Occupational risk: the outrageous reaction to HIV positive public safety and health care employees in the workplace.

AuthorGupta, Manju
  1. INTRODUCTION II. HISTORY AND COMMUNICABILITY OF THE DISEASE A. History B. Precautions C. Statistics on Occupational Transmission III. STATUTES A. Anti-Discrimination Legislation: Federal Rehabilitation Act of 1973 and Americans with Disabilities Act IV. TWO LEADING CASES A. Asymptomatic HIV as a Disability Under Bragdon v. Abbott B. Arline: The Four Prong Test C. Controversial Phrases V. CASE LAW UNSUPPORTIVE OF HIV INFECTED PUBLIC SAFETY AND HEALTHCARE WORKERS A. Health Care 1. Mauro v. Borgess Medical Center 2. Bradley v. University of Texas M.D. Anderson Cancer Center 3. Doe v. University of Maryland Medical System Corporation 4. Waddell v. Valley Forge Dental Associates, Inc. B. Fire 1. Anonymous Fireman v. City of Willoughby VI. CASE LAW SUPPORTING HIV INFECTED PUBLIC SAFETY AND HEALTHCARE WORKERS A. Healthcare 1. Joe Doe v. Oregon Resorts B. Fire 1. Doe v. District of Columbia C. Police 1. Holiday v. City of Chattanooga 2. Doe v. Chicago VII. CONCLUSION I. INTRODUCTION

    In 2000, Stephen Derrig, an Akron firefighter, went to a number of doctors seeking a diagnosis for his breathlessness and fatigue. (2) Laying in a hospital bed he was told that he had tested positive for HIV, which had progressed to AIDS. (3) Derrig is a heterosexual man who is married. (4) Luckily, neither his wife nor his children has been diagnosed with the virus. (5) He is not an intravenous drug user. (6) He contracted the disease while at his job, as a fire fighter. (7) It is not known by whom he was infected. (8) As a firefighter he has assisted countless people. (9) He does not know in which encounter he contracted the infection. (10) He assumes he became infected on the job because he does not engage in any of the behaviors that are typically associated with HIV transmission. (11)
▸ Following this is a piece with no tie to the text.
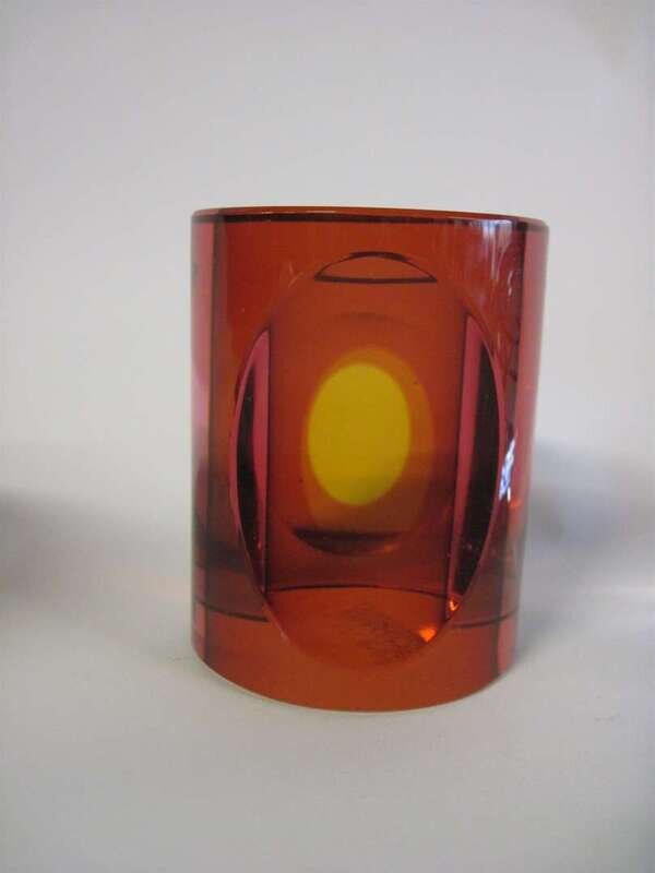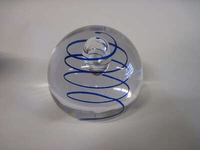 Comprising a Kosta clear glass with blue and green with air bubbles; a Kosta amber and yellow cased glass cylinder; a Kosta clear with teardrop and blue spiral; a Kosta cylindrical jar with brown concentric ring cover; and a Swedish clear glass with bubbles.(5).
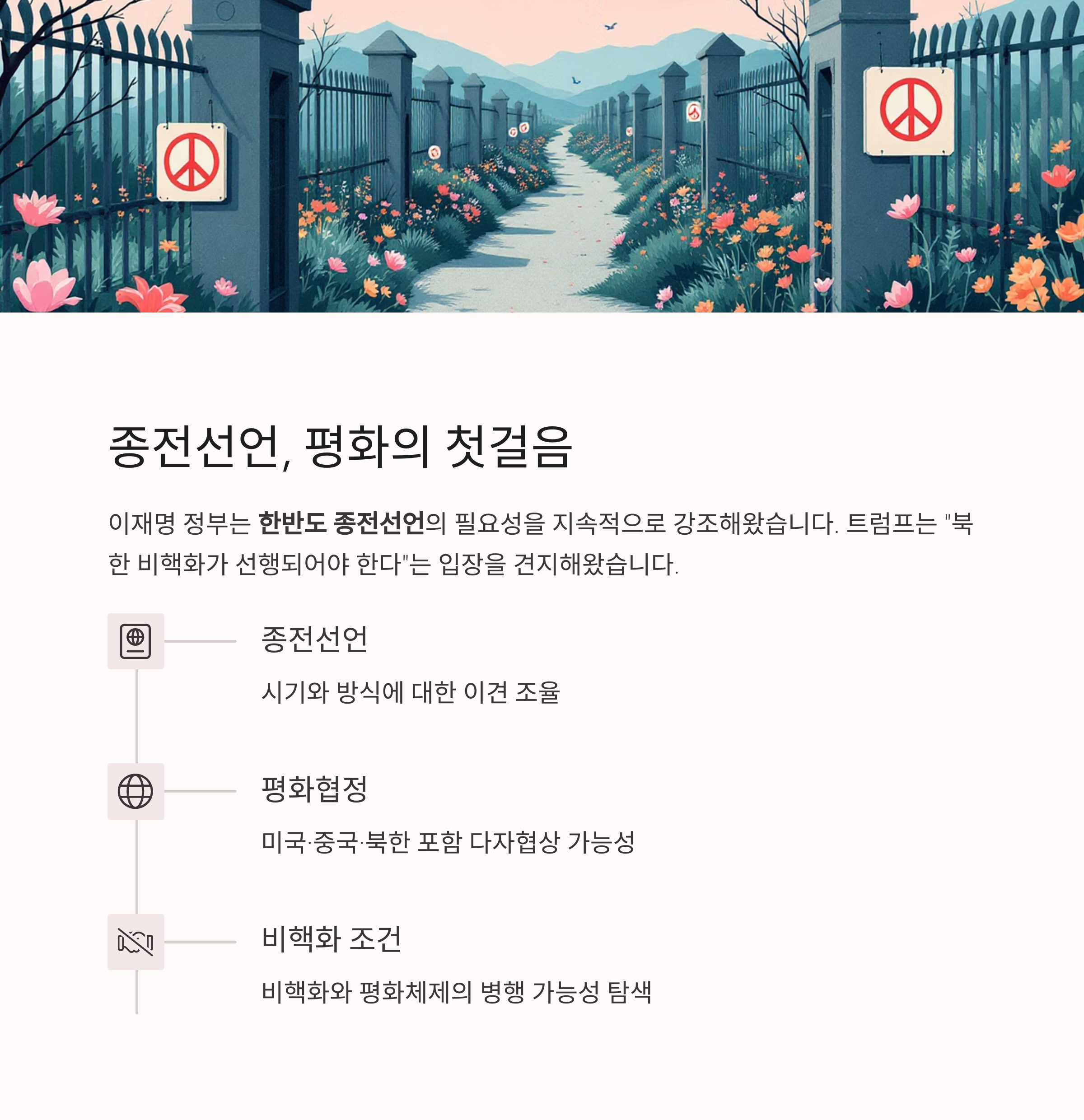 이재명 정부는 한반도 종전선언의 필요성을 지속적으로 강조해왔습니다

    He went public with his case in order to shatter the misperceptions surrounding AIDS. (12) He believes that an infected public safety employee should continue to work in his or her position. (13) One of the differences from Derrig's time of infection to today is awareness. The medical profession and governmental agencies have publicly stated the employees in fields where transmission is a possibility should be able to continue in their positions as long as universal precautions are utilized.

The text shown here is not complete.